I’m told a recent issue we had is a farmhouse “thing,” but I imagine it could happen to anyone, anywhere. Regardless, it was like everything else that happens here: crazy on one hand, amusing on the other.


Every night for several weeks, when I would go upstairs to bed, I heard purring. For the first few nights, I got back up to look for one of my four cats under the bed, but never saw them. After a few days, the purring became the new normal. We joked about the possibility of a critter living in the wall.


Then, one night last week when I turned on the bedside lamp, the cats went crazy. They started leaping across the bed and twirling through the air. Unconcerned with where they landed, they cleared my nightstand and leaped again. When I looked closer, they were all chasing bees – no, yellow jackets.

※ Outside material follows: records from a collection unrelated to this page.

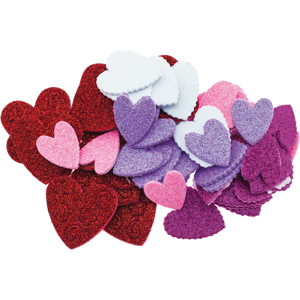 Foam stickers brocade heart, mix. colors and sizes, the package contains 64 pieces.
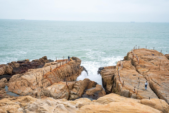平流尾地质公园就是在一大块巨大的火山岩石上建成的一个景区,行走在景区规划好的木栈道上,沿路可以看到各式各样的海蚀地质地貌。
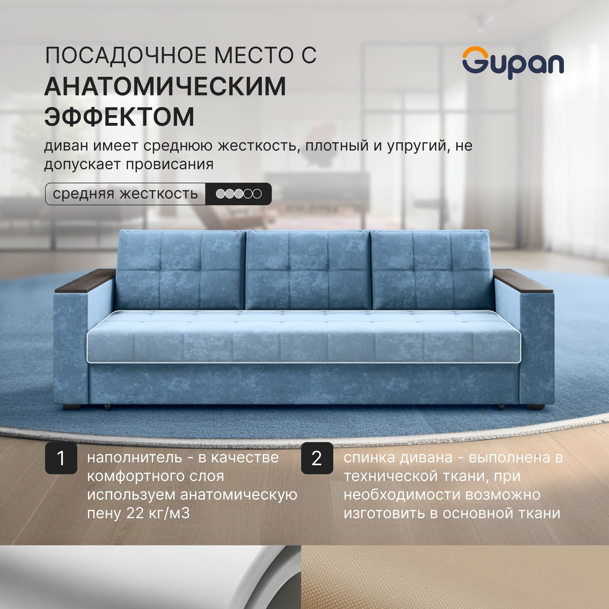 Диван кровать Gupan Алекс Рогожка Savana Lagoon, раскладной, механизм выкатной, беспружинный, с ящиком для белья

Suddenly, it all made sense. The purring I heard every night was a hive in my wall working to cool itself from the warmth made by my lamp. But how did the wasps get inside? I looked around and saw a small bore hole in the wall above my bed. Every few seconds, one crawled through it and into my bedroom.


“Get up, get out!,” I yelled at my husband as I ran for some Raid.


He climbed up to spray the wasps and cover the hole. When he leaned against the wall for support, it gave way from where the winged wizards had eaten the drywall in an effort to make more room for the hive. The bees were really mad now.


Pouring through the hole like they would in a horror flick, he was swatting them and spraying them with wanton abandon. Then he put the nozzle right into the hole and depressed the trigger. Until there was no liquid left, he didn’t remove the can.


All the while, I was trying to remove the four cats from the room to prevent them from being stung or eating a now-poisonous insect. As fast as I could toss one from the room, another one returned. Toss a cat, swat a wasp. Repeat. Finally, I got them all out and the door shut.


The last few angry wasps were dispatched and the hole was covered with thick tape for the night. We slept in the living room until we went 24 hours without seeing a live wasp in the bedroom (and I got the dead bugs cleaned up).


I was advised to spray the hole with foam insulation, as that should seal it off well. But, truth be told, I’m still wary of removing the tape, just in case. I think the status quo will remain until fall, when their natural life cycle ends, unless my wall starts humming and purring again in the meantime.